Liquid AI officially released LFM2.5-1.2B Thinking today, which is an inference model designed specifically for running entirely on the local side (On Device). This model achieves an astonishing breakthrough in lightweight design, requiring only 900 MB of memory to run smoothly on a regular smartphone. As a new generation model with the training goal of "concise reasoning", it can generate internal thinking trajectories before outputting the final answer, successfully transferring the complex reasoning ability that previously required data center level computing power to mobile terminals in the user's palm.
LFM2.5-1.2B Thinking is not only a compression of parameter quantity, but also an innovation in training methodology.

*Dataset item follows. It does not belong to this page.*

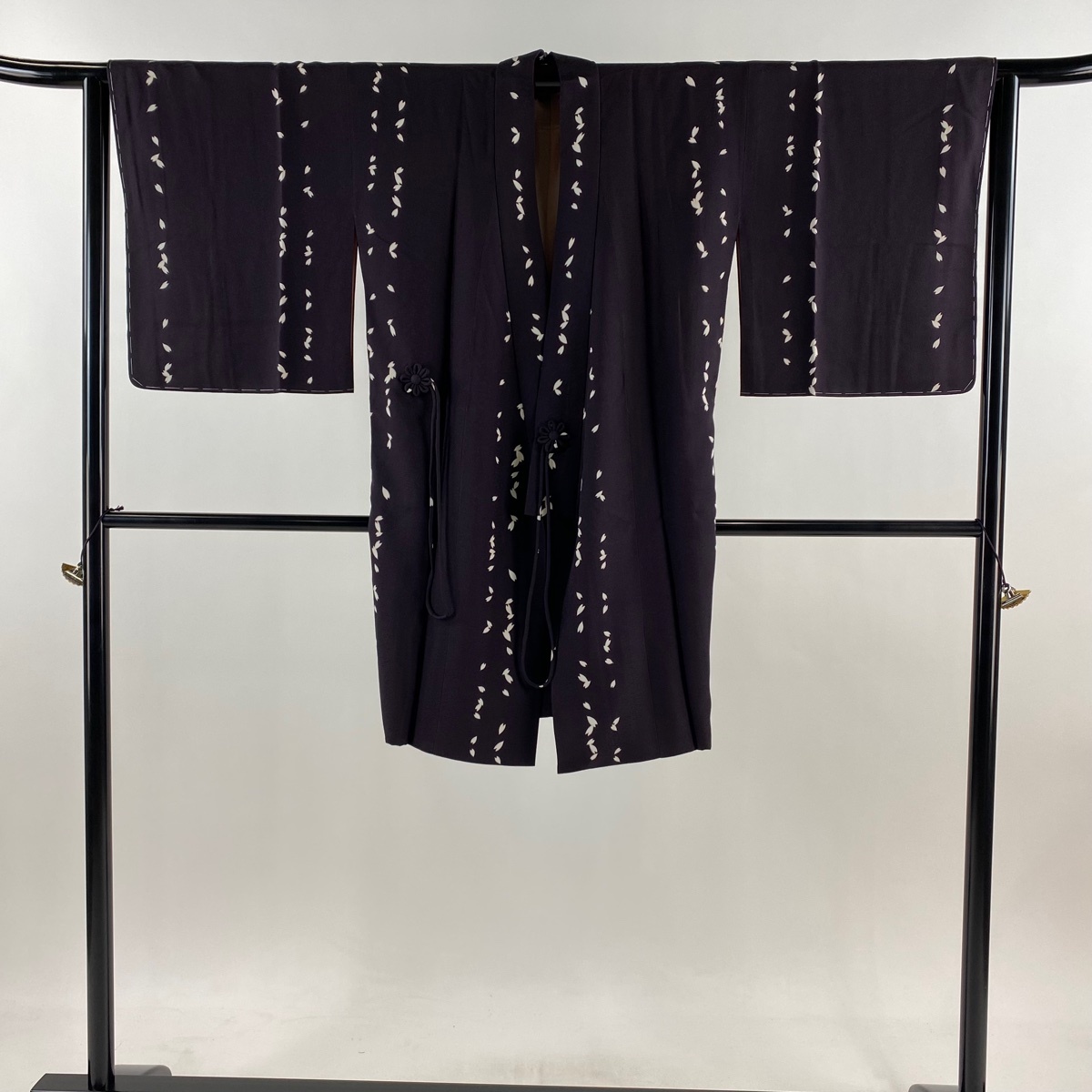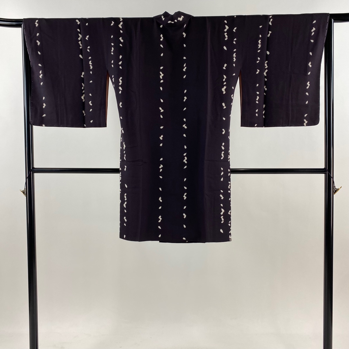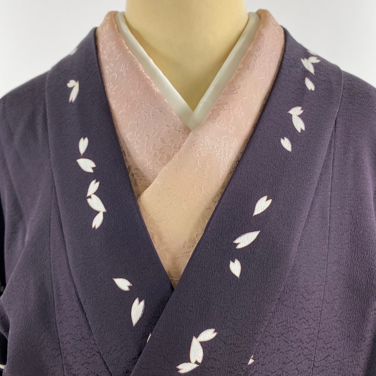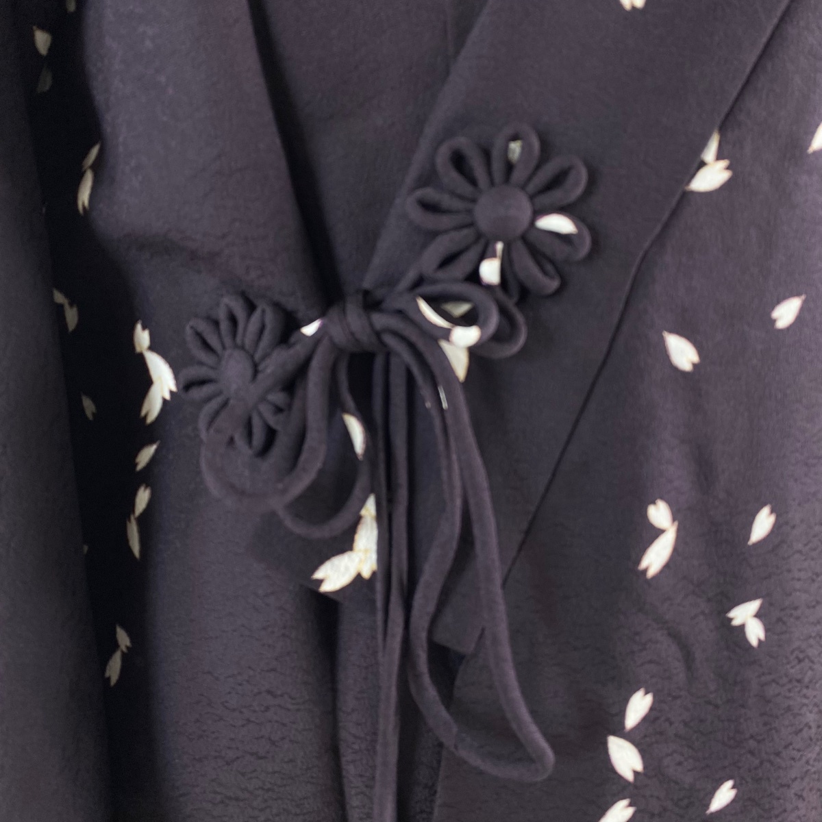 | 道中着 秀品 和装コート 着物衿 桜の花びら 濃紫 身丈99 裄丈66 M 正絹 【中古】 |

Its core technical characteristics are mainly reflected in the following dimensions:
Concise reasoning: The model is trained to solve problems in the most direct and efficient way, reducing redundant calculations.

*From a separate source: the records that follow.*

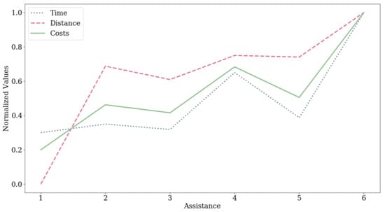 The derived costs of the different assistances, based on the experimentally determined and normalized execution time and distance from the worker. The costs were determined by weighting the distances once and the execution times twice since a long execution time delays the assembly process, reducing human and shop productivity. The six points are connected for better visibility of the behavior.
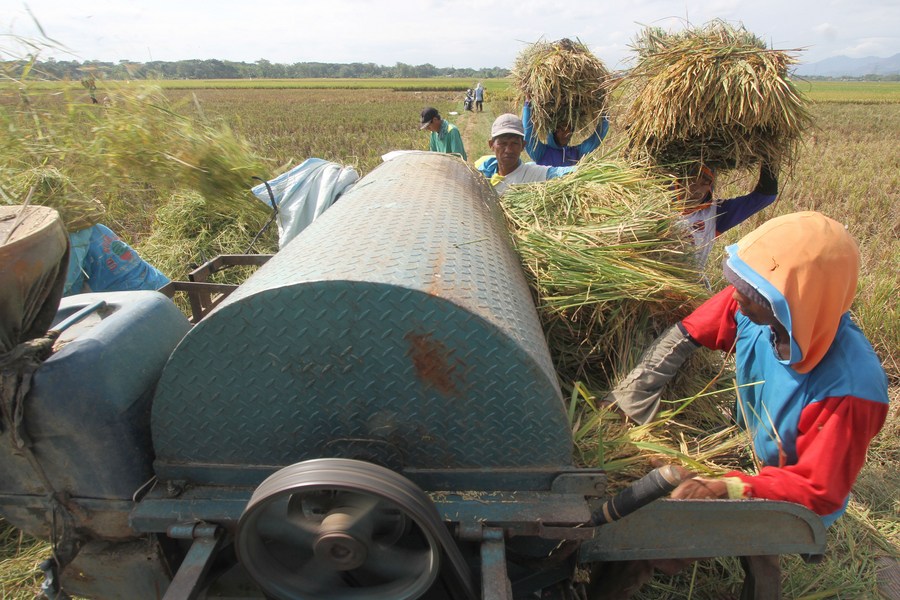 A farmer performs grinding paddy during harvest time at the field in Majasto village, Sukoharjo district, Central Java Province, Indonesia on June 7, 2023. (Photo by Bram Selo/Xinhua)
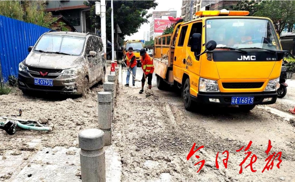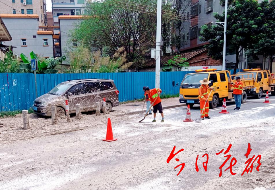 工作人员行动迅速,先用泥铲进行清理,随后洒水车配合人工清洗,最后使用洒水车进行反复冲洗。经过约两个小时的奋战,污染路面的泥沙全部清理完毕,突发事件安全隐患得到果断处置,快速恢复公路安全顺畅,保障了市民的正常出行。
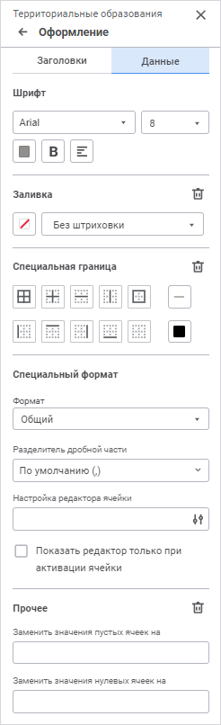 Данные. Доступны настройки: шрифт, заливка, специальная граница, прочее;
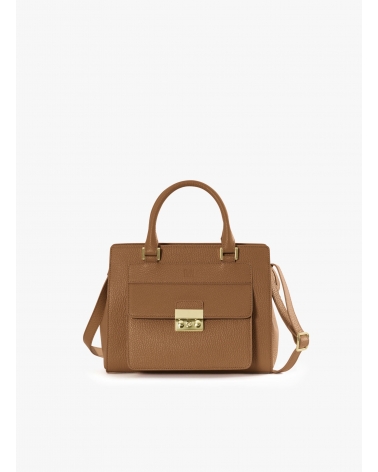 Borsa rigida in pelle color tabacco con chiusura in metallo
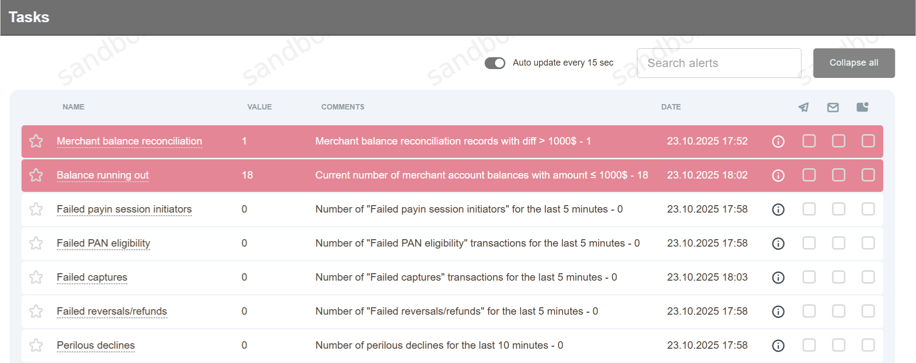 The screen is located in “Tools” – “Monitoring” section. This screen displays information about various errors that usually require quick response, as well as the options to subscribe for notifications about any errors via Telegram, Email or Push notification. Phone number and e-mail address are taken from the personal account (Merchant or its employee account).
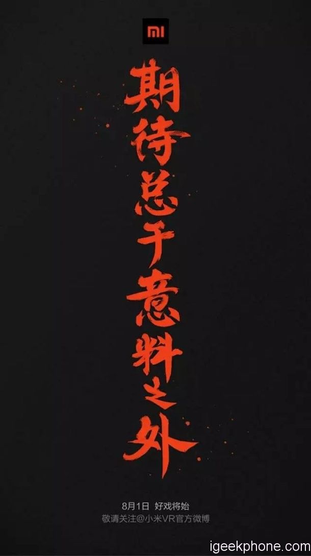 Tapi ketika mata tertuju ke bagian bawahnya, kita akan menemukan keterangan soal VR berikut jadwal acaranya. Tertulis Xiaomi akan meluncurkan perangkat VR pada 1 Agustus.

Internal Thinking Trajectory: Able to generate implicit thinking steps and output the final answer, significantly improving logical consistency.

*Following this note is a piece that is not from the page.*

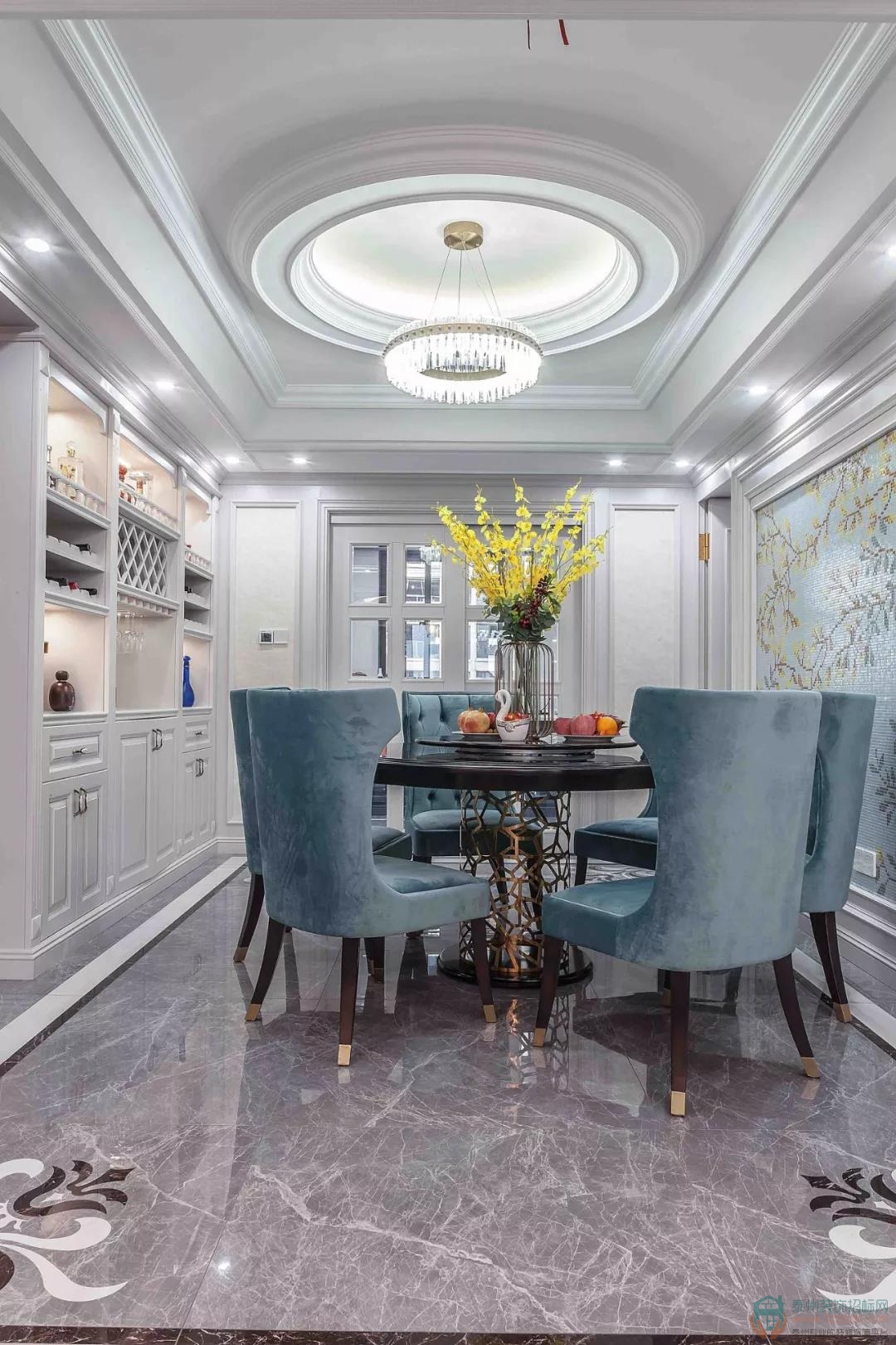 色彩上展現(xiàn)出古典美與現(xiàn)代生活文化結(jié)合,以金屬、米色為基調(diào),雅致的霧霾藍(lán)、米黃色作為點(diǎn)綴,使整個(gè)空間更具尊貴感。配合硬裝硬朗的材質(zhì)和明快的色調(diào),軟裝點(diǎn)綴雅致的配飾,賦予空間沉穩(wěn)、典雅的神韻。

Edge Scale Latency: Optimized for low latency scenarios, ensuring response speed on mobile devices meets real-time interaction requirements.
Multi domain specialization: Excellent performance in tool use, mathematical calculations, and complex instruction following.
Traditional end-to-end small models often sacrifice depth for speed and tend to generate answers directly. LFM2.5-1.2B Thinking introduces a slow thinking mechanism similar to System 2. By constructing an internal thought trajectory before outputting the results, the model can self correct logical fallacies, greatly improving the stability and interpretability of the answers.
Implementing this "chain/tree" thinking under the strict resource constraints of On Device is a huge engineering challenge. Liquid AI optimizes the inference path, allowing this complex thinking process to no longer rely on cloud computing power, but to be completed within the computing budget of local chips, truly achieving the goal of 'putting the brain in your pocket'.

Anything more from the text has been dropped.